When the type of practitioner (noted in the original studies included in this review) was determined using Terrett's55 modifications, the number of chiropractors involved in cases of MCS injury decreased slightly, and the numbers of cases attributed to physicians, physical therapists, and other individuals (ie, a barber, a kung-fu practitioner, and a masseur) increased (Fig. 2). In addition, the number of cases where the practitioner was later reported (by the original authors of the case report) to be unknown increased slightly (Fig. 2). The overall pattern of practitioners involved in MCS-related injuries, however, did not change with Terrett's55 adjustments.

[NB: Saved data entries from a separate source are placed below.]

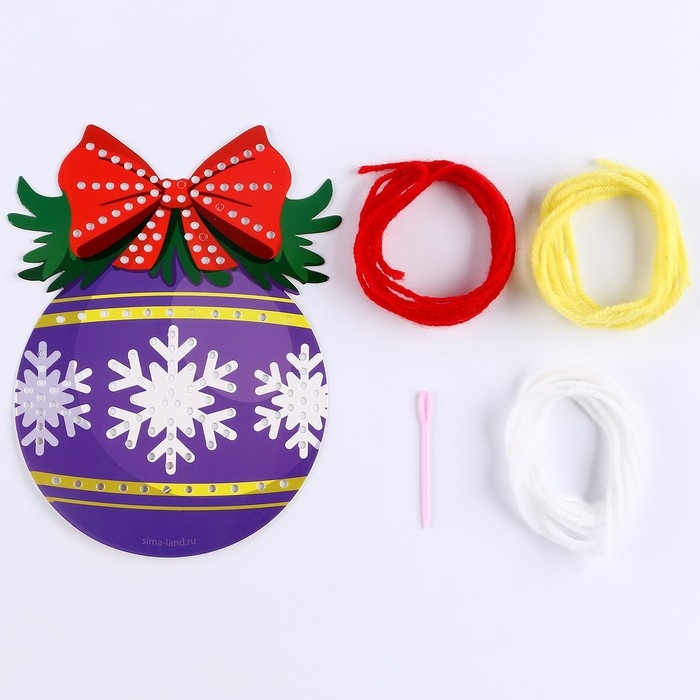 Вышивка пряжей на новый год «Ёлочный шарик» на картоне, новогодний набор для творчества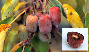 30g位の緑色の果皮は、熟すと果肉と共に赤紫色に変り、皮ごと...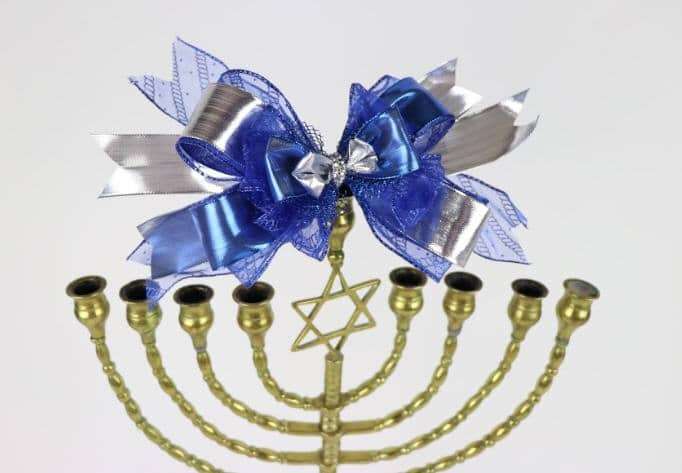 Sandy uses blue and silver ribbons (26” long and 2.5” wide), folding and scrunching them down in the Bowdabra, making loops. She then scrunches a few décor balls over it and tops it all with another ribbon (18” long and 2.5” wide). She ties it all to finish the beautiful Hanukkah bow that can also be used as a gift wrap décor.

The specific type of manipulation was not described in 46% (n=82) of the cases. When the type of manipulation was identified, manual procedures that involved rotational thrust had the largest representation (23%) (Fig. 3). I was unable to determine the type of manipulation in 24% (n=42) of the cases, primarily because the original articles were not published in the English language. Although the description of manipulation could have been in the original non-English article, it was missing from the secondary source interpretation of the case or from the English-language abstract. I, therefore, classified the type of manipulation in these cases as “not translated”(Fig. 3).

Figure 3.

The type of manipulation of the cervical spine attributed to injury. “Not Reported”means that the information was not included in the case report. “Not Translated”means that the description of manipulation could have been in an original non-English language article, but was missing from the secondary source interpretation of the article or from the English-language abstract.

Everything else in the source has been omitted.